You are here again on my part of the hillside, watching the sun drop behind the jagged peaks as if it’s the grand finale of a stage show, awaiting the final curtain. Your face is alight with the golden glow. Gathering your paint palette and expensive, artisan brushes together, you prepare to match the sky’s last blaze of colour on your canvas. Dabbing, mixing, brushing your cares away. You are high-brow and creative, my favourite flavour. From my dark burrow, I watch you for a while, hunched over your easel. Your brow furrows in concentration and my stomach rumbles at the sight of you. For a moment, you look up from your silly little painting and pause, cocking your head to one side.

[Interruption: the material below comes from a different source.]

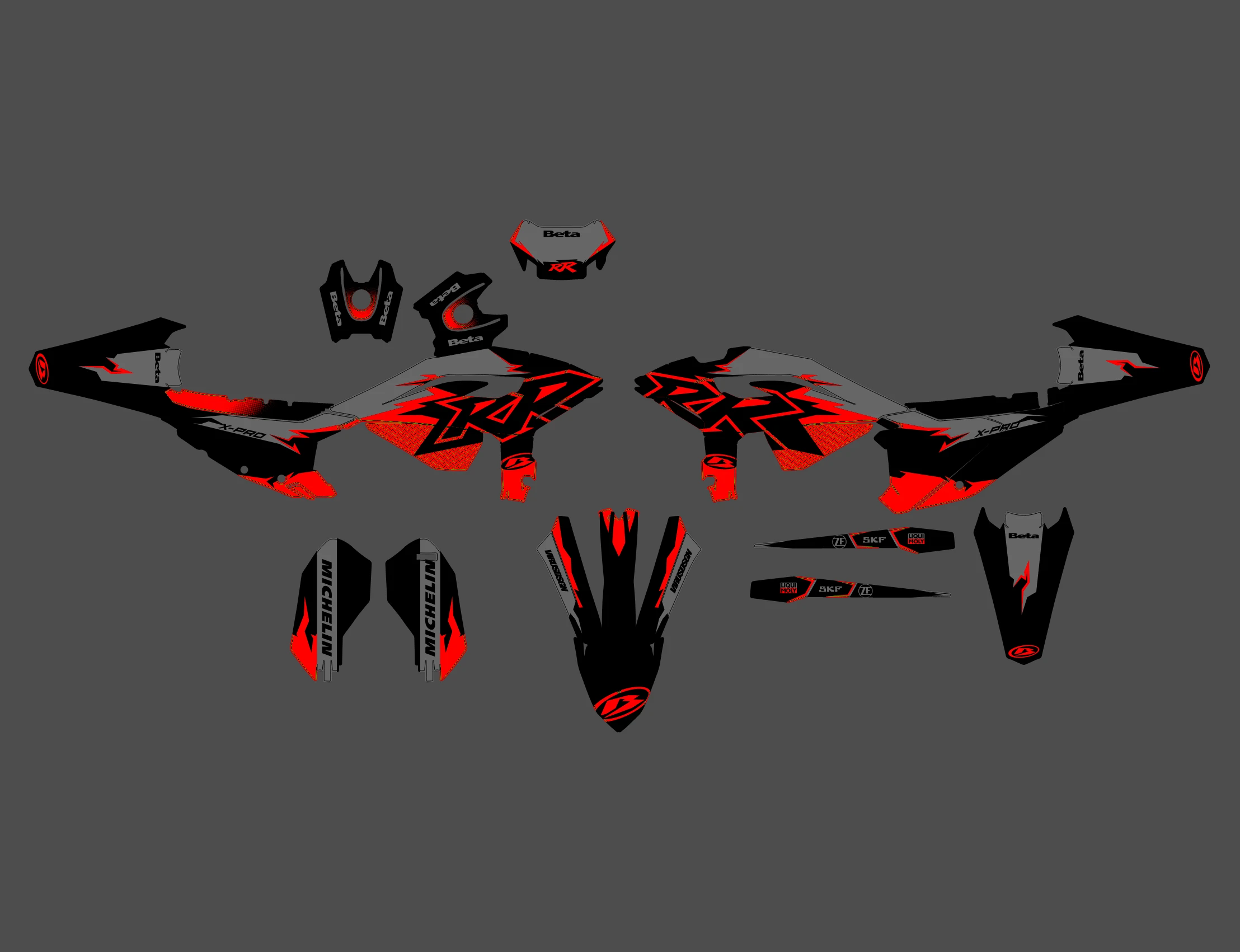 Kitdeco-moto.fr vous propose ce kit déco compatible pour Beta RR Race & X-Pro de 2025.

Perhaps you heard the quiet crunch of bones as I shifted my weight from one side to the other; the remnants of others who dawdled on to my patch of the hillside at sundown, their warm meat gnawed down to splintered matter. The daylight dwindles, the shadows steal towards you. Soon, I will, too.

Before darkness falls, you dash my hopes by packing your painting utensils into your bag before retreating out of sight along the path. Awash with disappointment, my eyes trace your silhouette, disappearing down the slope, back towards the hot, clamorous stink of the village. I must remain here in the gloom awhile longer, with only my hunger for company.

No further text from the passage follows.